6. The Man Who Left His Will on Film (1970)
Film editing as a revolutionary act. Students document the so-called War of Tokyo (a series of street demonstrations marred by police over-reaction). One of the filmmakers may or may not have died during the shoot, and the film found in his camera consists of footage of placid street scenes. In cutting them together, another student is driven to suicide. Uncompromising and extraordinary, though tough going for the uninitiated, this is one of Oshima’s signature accomplishments.
7. Night and Fog in Japan (1960) & 8. The Ceremony (1971)
Two widescreen, candy-colored canvases, both staged as a succession of weddings and funerals, both punctuated by shrieking and nihilistic rage. The first is a Resnais-inflected palimpsest of three generations of college-campus radicals, each haunted by the failures and betrayals of the others. The second dodges the specifics of history, elliptically leapfrogging from one ceremony to the next in the lives of a single family. As gorgeous as a Vincente Minnelli fantasia, as demanding as a Robbe-Grillet rewrite of Beyond Good and Evil, the films’ objective is the expansion of the average filmgoer’s political consciousness. The result is the cracking of their skulls.
9. In the Realm of the Senses (1976)
By global consensus, a masterpiece, though some of us find this celebration of a famous case of sexual devotion as death-driven transcendence mildly interesting, but altogether inessential. The story of geisha Sada Abe and a client whose passion is pornographic and fatal: the director’s recurrent curiosity about strangulation and castration reach a hardcore pitch in this made-in-France and banned-in-Japan art-house snooze. (Available on video and dvd from Fox Lorber.)
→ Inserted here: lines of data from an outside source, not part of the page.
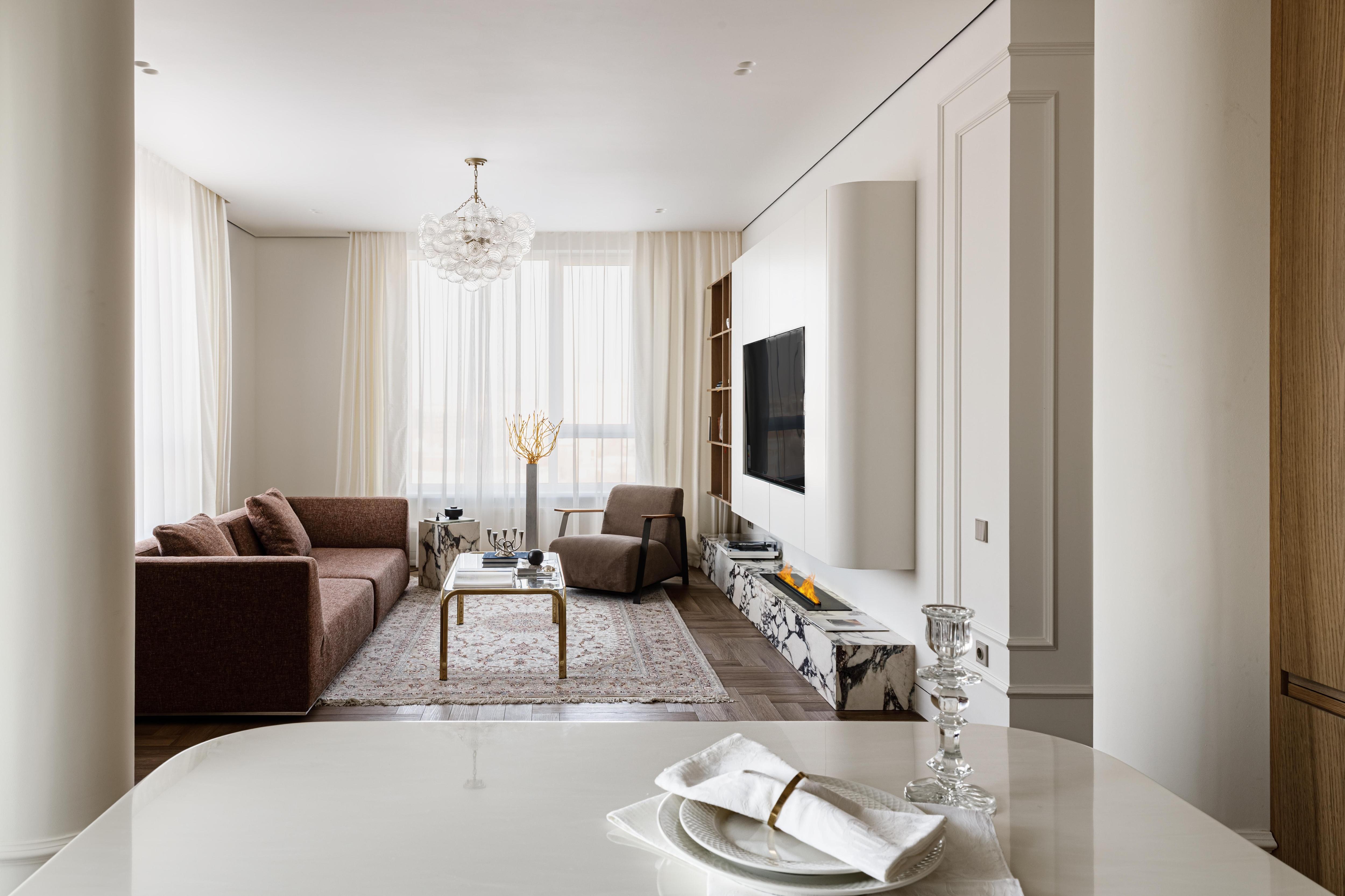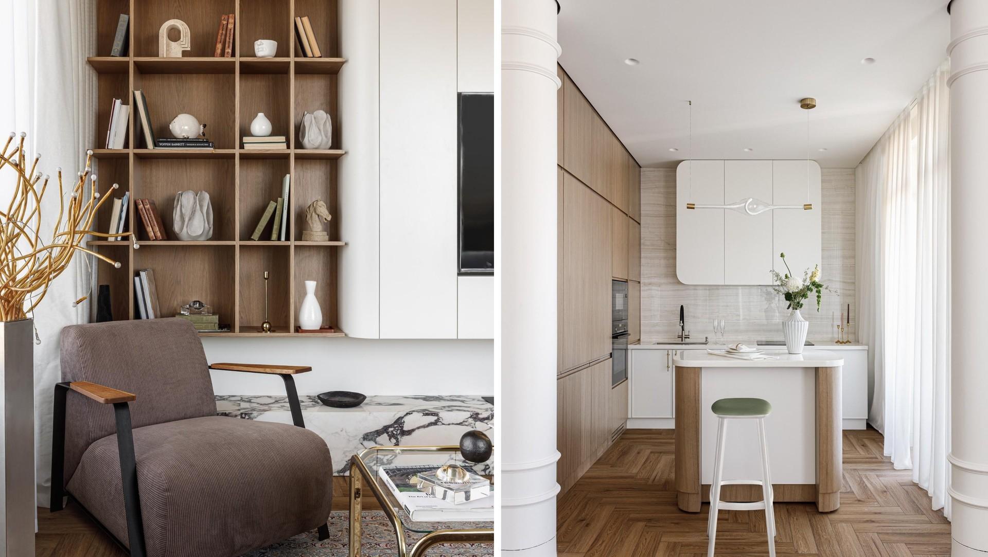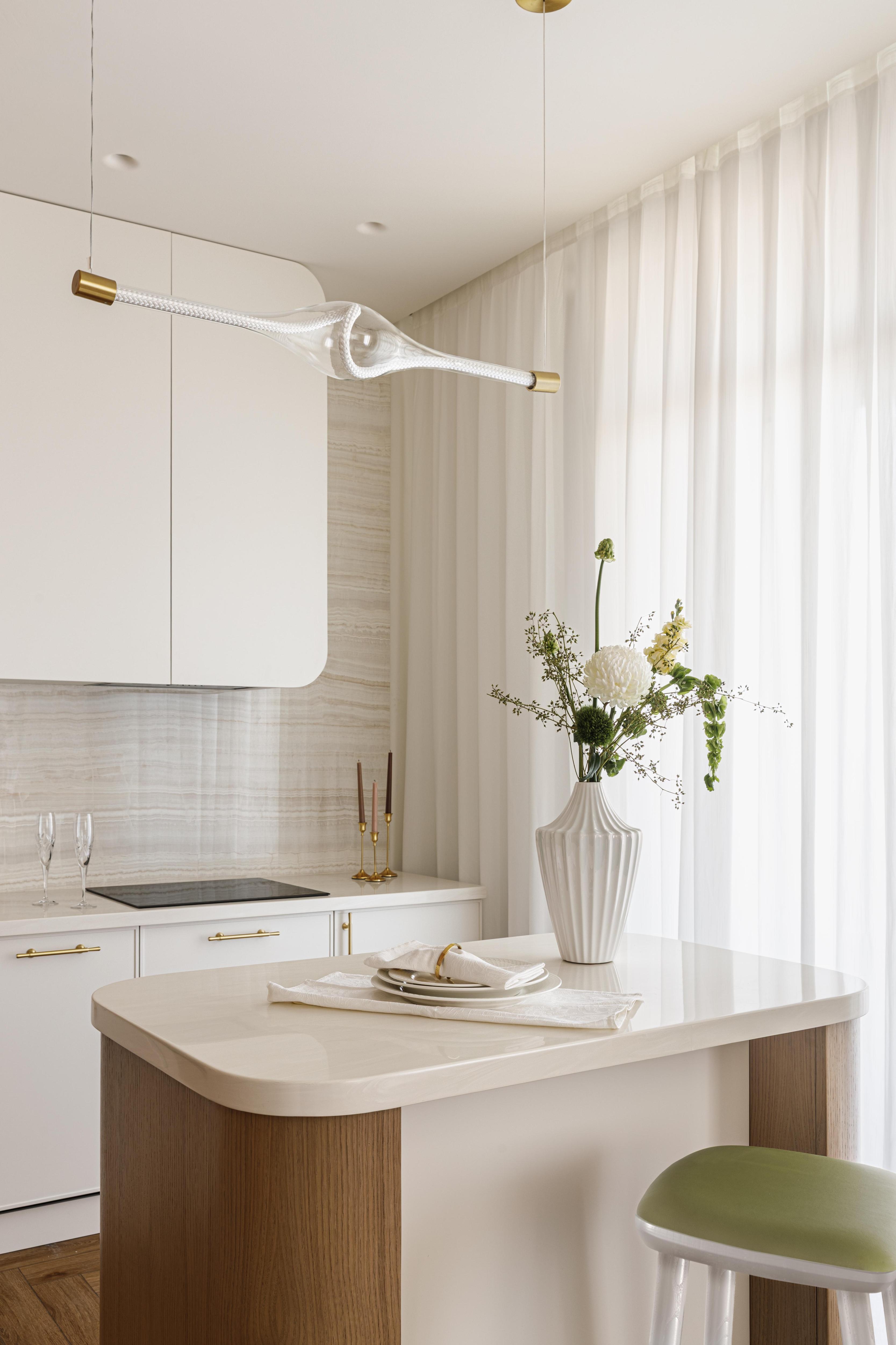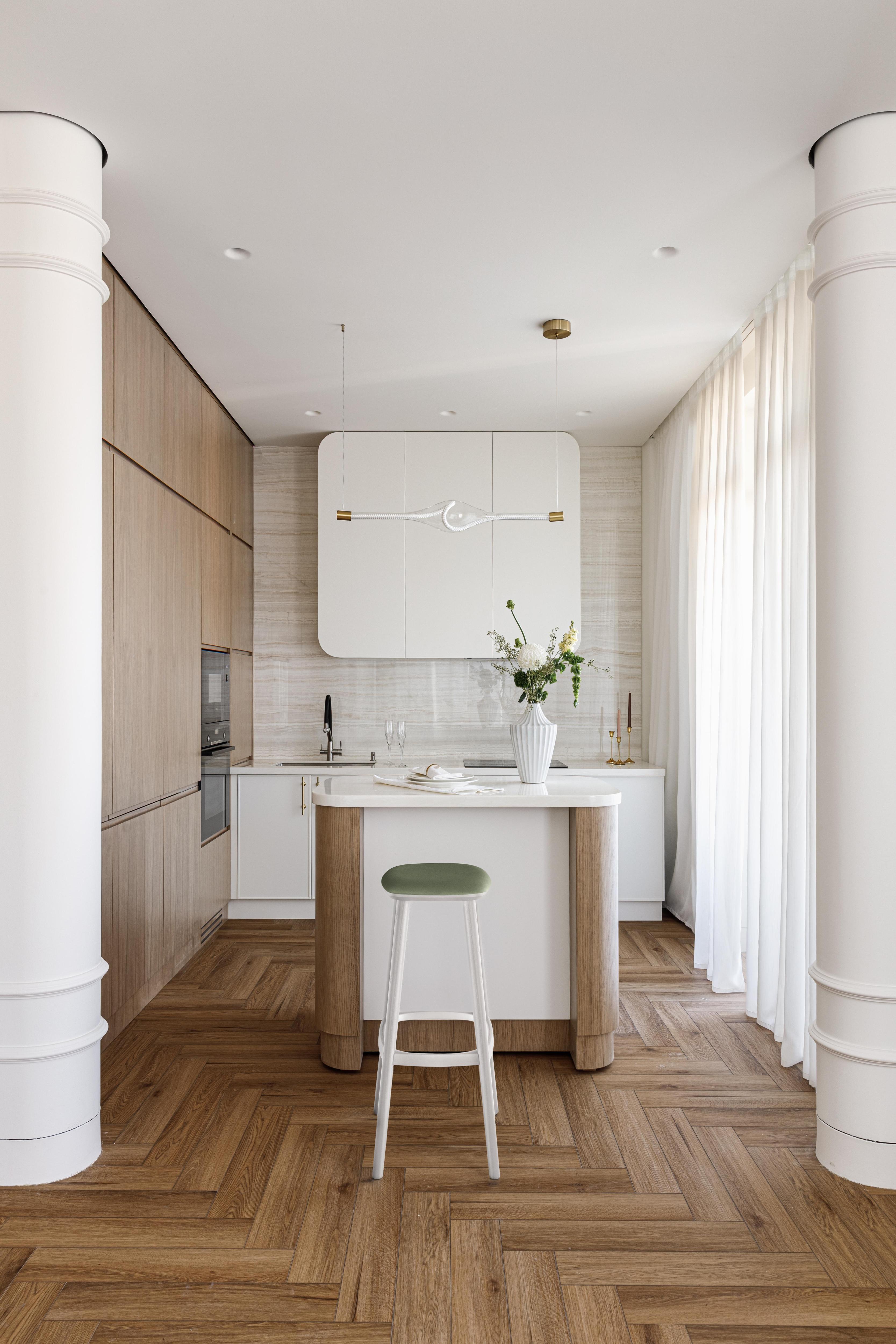 Мы создали цельный, пластичный интерьер, построенный на мягкой архитектуре и радиусных формах. Его обволакивает теплая нейтральная палитра: молочные и белые оттенки, натуральное дерево, мягкий бежевый камень с мраморным рисунком, деликатные латунные акценты. Есть и винтажные предметы, они создают особенную атмосферу.
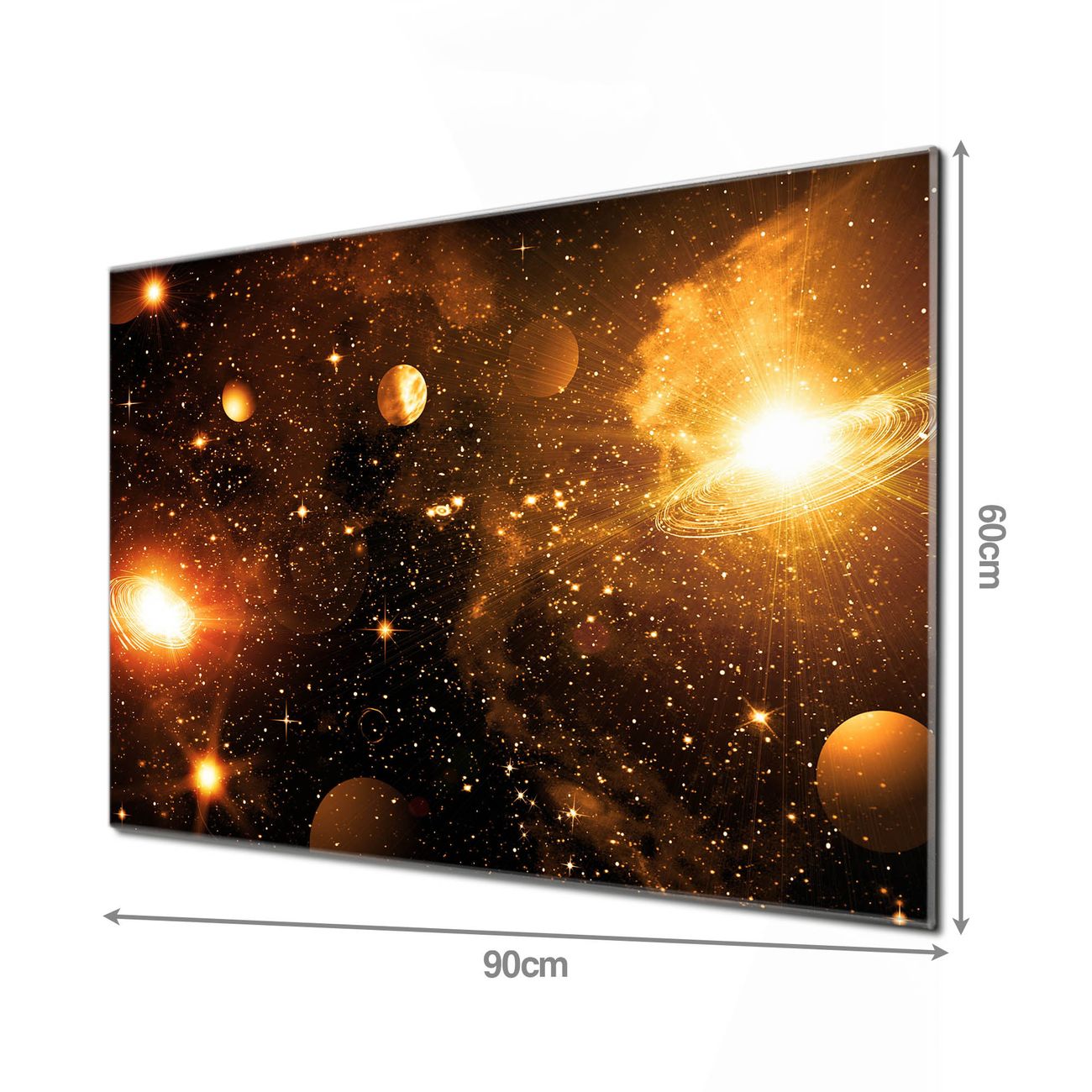 Material  4mm Sicherheitsglas mit Metallrückwand Eigenschaften  beschreibbar, magnetisch, kratzfest Maße  90x60x0,6cm, 8,10kg schwer Motiv  Nummer 10419 Outer Space Zubehör  inklusive 4 Neodym-Magnete
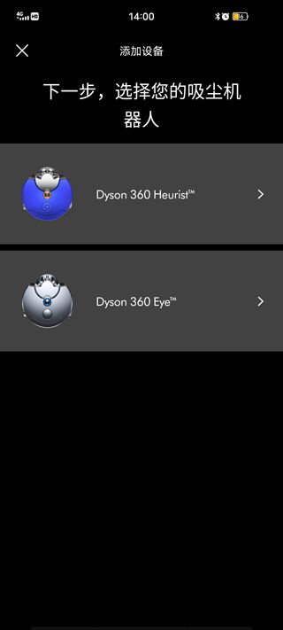 2、选择您的戴森设备,可选吸尘机器人、空气处理、灯具;

10. Merry Christmas, Mr. Lawrence (1982)
David Bowie (in his worst performance) gives Ryuichi Sakamoto a kiss and destroys the final vestiges of the samurai mind. Tom Conti is the titular Lawrence, an English POW well-versed in most things Japanese, but it’s the baby-faced Takeshi “Beat” Kitano who speaks the title line and steals the entire show. Met with a degree of critical derision by many, the film has improved with age and cries out for a properly letterboxed DVD edition.